Here's the passage to which you are referring, taken from Suzanna Andrews' Vanity Fair article:

Suzanne was seen again, between 9:25 and 9:30, walking north on College Street. If she was going home, it appeared she was taking a roundabout way. The witness who says she saw her close to 9:30 was a student who had left the Yale-Princeton hockey game early and was walking, alone, to an off-campus party, She passed Jovin, but didn't think much of it until the next night, when she read about the murder in the Yale newspaper. Nearly hysterical, she called the police at two in the morning, "They told me to write down everything I saw, everything," she recalls. What she saw was "a Hispanic or black guy in a hooded sweatshirt" going north. Behind him, also walking north, was Jovin, and walking in the same direction several paces behind her was, she says, a blond man with glasses... a white guy dressed nicely."
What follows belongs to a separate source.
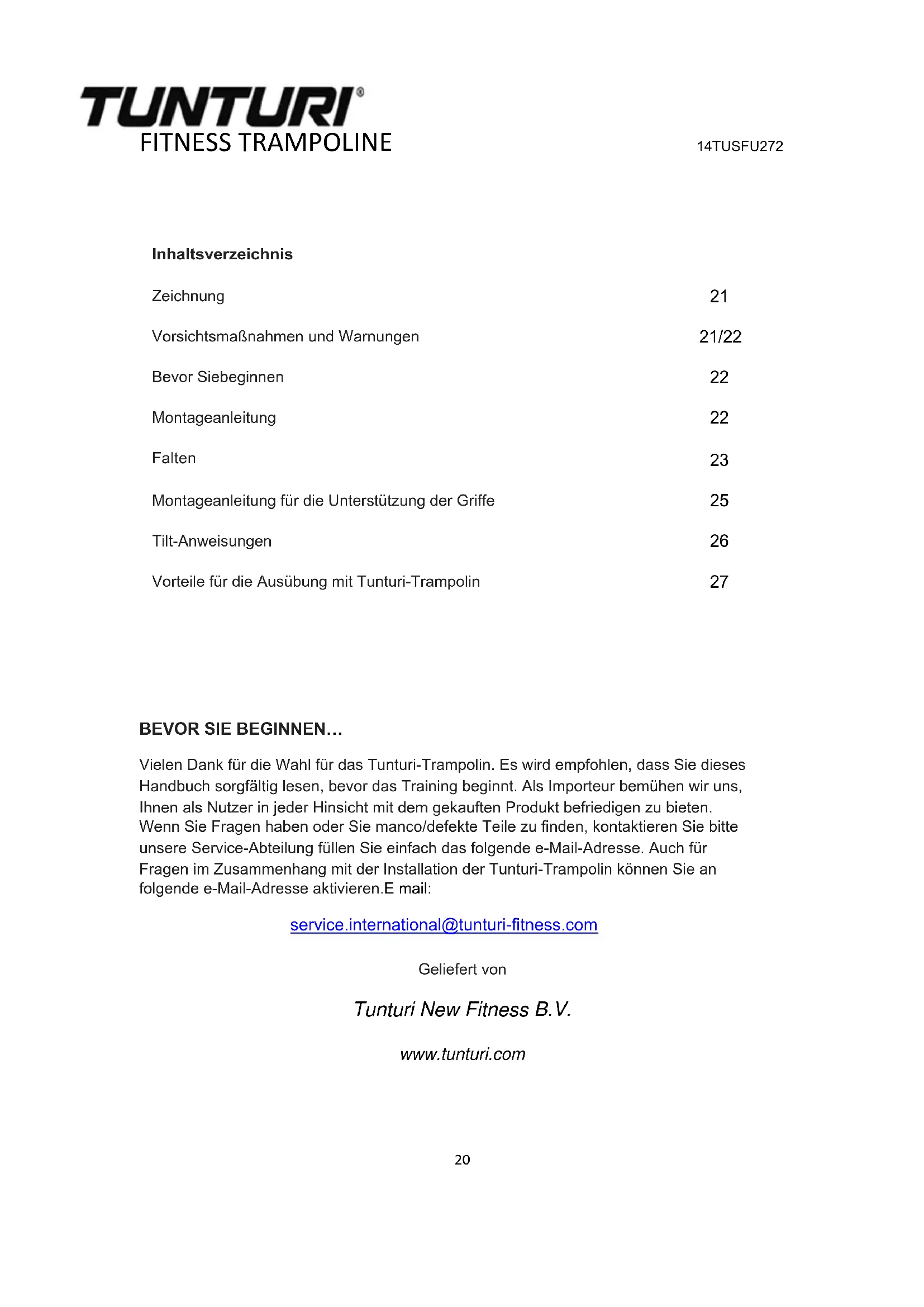 Vielen Dank für die Wahl für das Tunturi-Trampolin. Es wird empfohlen, dass Sie dieses Handbuch sorgfältig lesen, bevor das Training beginnt. Als Importeur bemühen wir uns, Ihnen als Nutzer in jeder Hinsicht mit dem gekauften Produkt befriedigen zu bieten. Wenn Sie Fragen haben oder Sie manco/defekte Teile zu finden, kontaktieren Sie bitte unsere Service-Abteilung füllen Sie einfach das folgende e-Mail-Adresse. Auch für Fragen im Zusammenhang mit der Installation der Tunturi-Trampolin können Sie an folgende e-Mail-Adresse aktivieren.E mail: service.international@tunturi-fitness.com Geliefert von Tunturi New Fitness B.V. www.tunturi.comFITNESSTRAMPOLINE 14TUSFU272

So, apparently she was on the same side of the street, not across it. Like I said, we agree it much more likely to recall seeing someone you knew than trying to describe someone you've never met. The fact she didn't blurt out the other descriptions on the phone and, quite the opposite, was asked to provide other details only after giving it some thought is consistent to me with someone not trying to embellish for attention.

I suppose you could argue she felt obligated to come up with something thus tainting her memory. Even if so, to answer your other question about what importance it might have, I'd argue very little. We know for a fact Jovin walked across the Old Campus. Even if we assume one of these mysterious people trailing Jovin was stalking her -- evading detection by Peter Stein in the process -- where was their car parked? Without a car we have no way for the stalker to get Jovin to the crime scene hence the odds one might be her killer are small.
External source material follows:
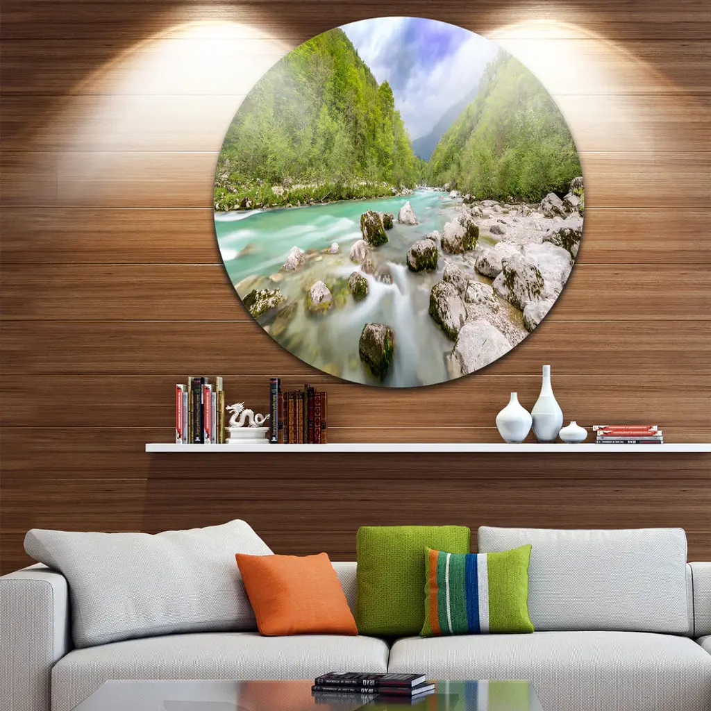 Slovenia Waterfall Panorama, Landscape Round Wall Art, 23"
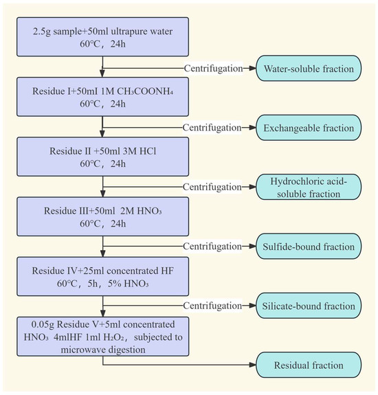 Sequential chemical extraction experiments (SCEE) were conducted to determine lithium speciation in coal-bearing claystones from the Liuhuanggou Coal Mine, following an adapted six-step procedure based on Riley et al. (Figure 2) [21]. Each step targeted operationally defined fractions: (1) Water-soluble fraction: 2.5 g of <75 μm sample was agitated with 50 mL ultrapure water at 60 °C for 24 h, centrifuged (4000 rpm, 15 min), and the supernatant collected. The residue was washed three times, the leachate diluted to 100 mL, and the solid dried at 85 °C (Residue I). (2) Ion-exchangeable fraction: Residue I was extracted with 50 mL of 1 mol/L ammonium acetate under identical conditions to yield Residue II. (3) Carbonate-bound fraction: Residue II was treated with 50 mL of 3 mol/L HCl, following the same protocol, producing Residue III. (4) Sulfide-bound fraction: Residue III was extracted using 50 mL of 2 mol/L HNO3 under consistent conditions, yielding Residue IV. (5) Silicate-bound fraction: Residue IV was digested with 25 mL concentrated HF at 60 °C for 5 h in PTFE, evaporated near-dryness at 180 °C, re-dissolved in 5% HNO3, and centrifuged to obtain Residue V. (6) Residual fraction: 0.05 g of Residue V was digested in PTFE vessels via microwave-assisted acid digestion using 5 mL concentrated HNO3, 4 mL HF, and 1 mL H2O2. After complete digestion and evaporation to dryness, the residue was diluted to 100 mL for subsequent analysis.

So....if we eliminate that witness, does it change anything?

Not really. It would just make it more likely, IMO, Jovin retraced her steps across the Old Campus to reach Krauszers rather than walking along the road. It would also thus totally eliminate any vehicle coming into play until she reached the market which doesn't help all that much because in order to obtain the Fresca she'd have had to make it to Krauszers no matter which route she took.

As for the van, I'm not sure an immediate investigation would have yielded much. Colors are very hard to distinguish in dim light.

When I asked then head of the investigation, Brian Norwood, what sort of van it was, he said "full-size" like the type you might see at CT Limo, although he stopped short of saying it was "commercial." I took that to mean it didn't have any signs painted on it. The van the police eventually took into custody was a Dodge B250, so I would presume that came close to matching what the witnesses described. The point is that full-size vans are not the type used by families, so that narrows the field down considerably. I still can't figure out why if they really cared about information on vans they didn't provide a sketch of what they were looking for.